From the line containing "I'd like to" down to the line containing "Watch the how", copy out the entries below exactly, both lines included, and nothing else; pictures do not belong in the copy.

### DATA FOR PROCESSING:
---*---

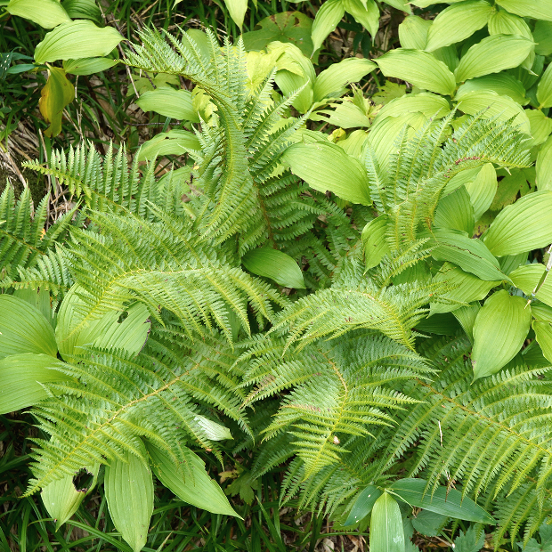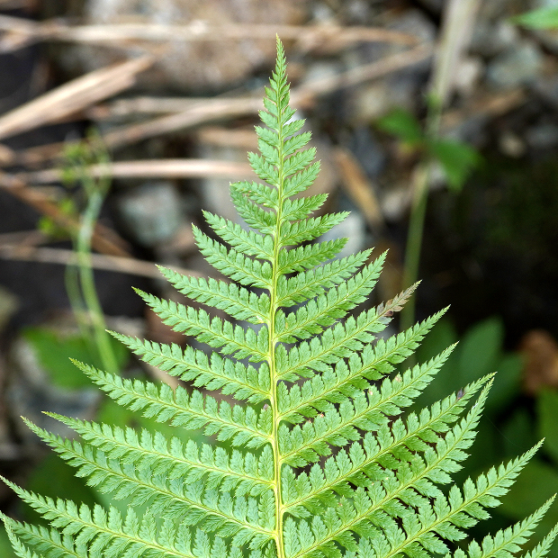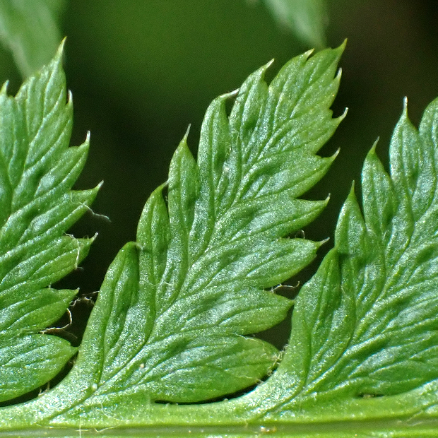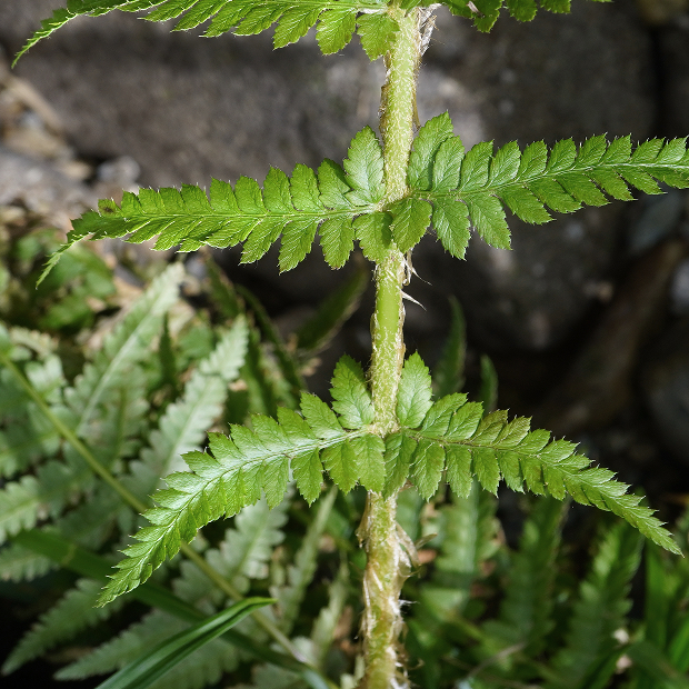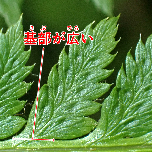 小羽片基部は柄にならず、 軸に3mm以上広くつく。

---*---

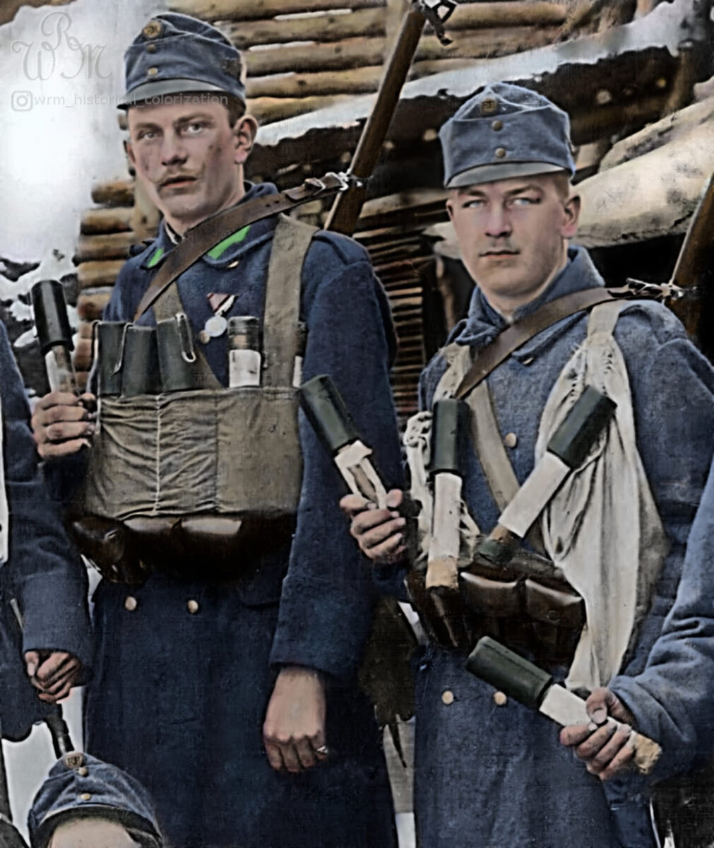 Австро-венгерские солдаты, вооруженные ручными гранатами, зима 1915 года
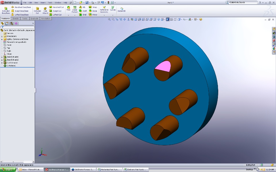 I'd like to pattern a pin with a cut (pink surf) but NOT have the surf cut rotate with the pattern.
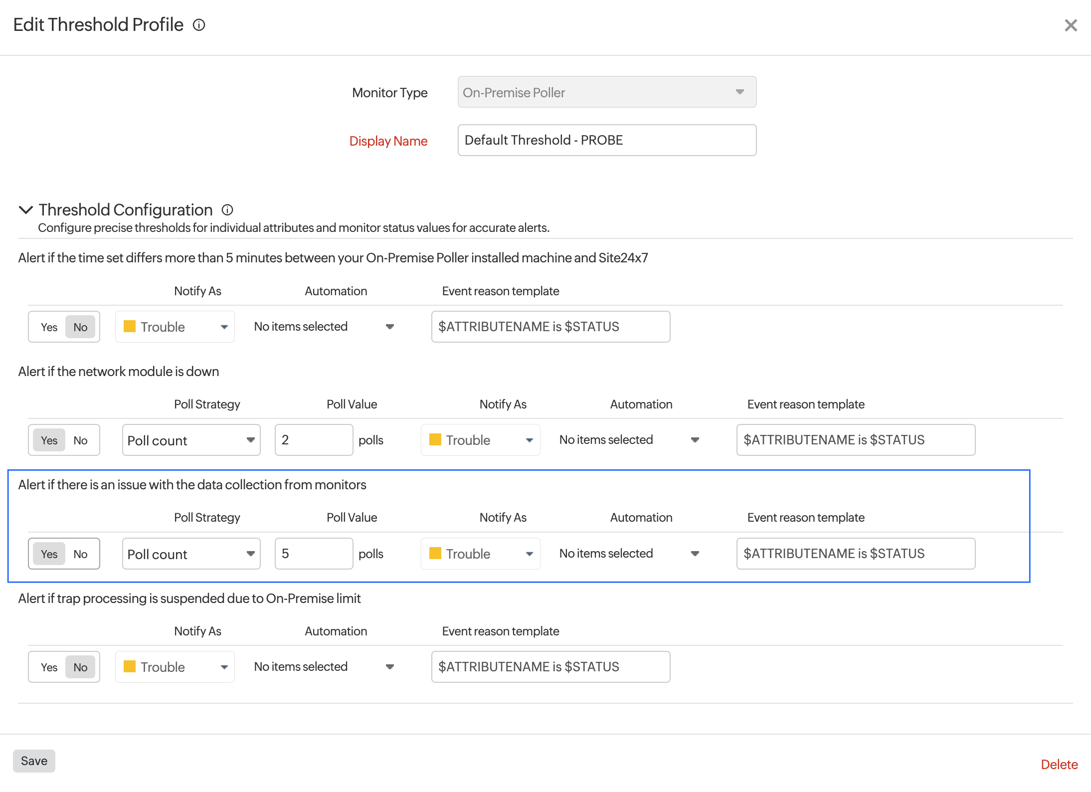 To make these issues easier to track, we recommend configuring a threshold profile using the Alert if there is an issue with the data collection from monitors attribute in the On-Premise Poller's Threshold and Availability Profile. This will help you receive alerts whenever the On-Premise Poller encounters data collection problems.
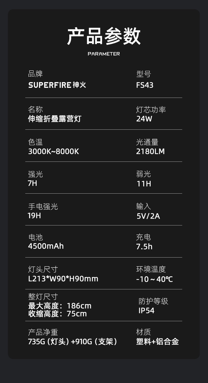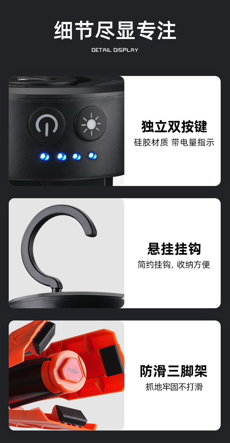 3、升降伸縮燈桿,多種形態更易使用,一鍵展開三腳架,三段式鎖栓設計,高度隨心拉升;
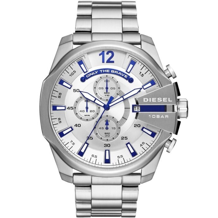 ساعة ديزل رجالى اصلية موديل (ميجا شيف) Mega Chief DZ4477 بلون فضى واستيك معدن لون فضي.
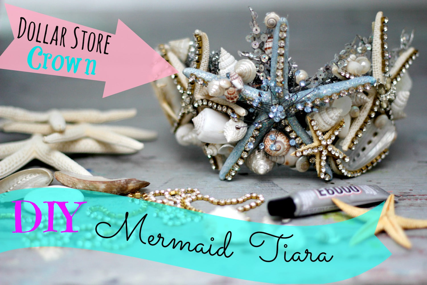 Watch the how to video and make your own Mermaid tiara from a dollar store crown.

---*---

### FINAL ANSWER:
 I'd like to pattern a pin with a cut (pink surf) but NOT have the surf cut rotate with the pattern.
 To make these issues easier to track, we recommend configuring a threshold profile using the Alert if there is an issue with the data collection from monitors attribute in the On-Premise Poller's Threshold and Availability Profile. This will help you receive alerts whenever the On-Premise Poller encounters data collection problems.
 3、升降伸縮燈桿,多種形態更易使用,一鍵展開三腳架,三段式鎖栓設計,高度隨心拉升;
 ساعة ديزل رجالى اصلية موديل (ميجا شيف) Mega Chief DZ4477 بلون فضى واستيك معدن لون فضي.
 Watch the how to video and make your own Mermaid tiara from a dollar store crown.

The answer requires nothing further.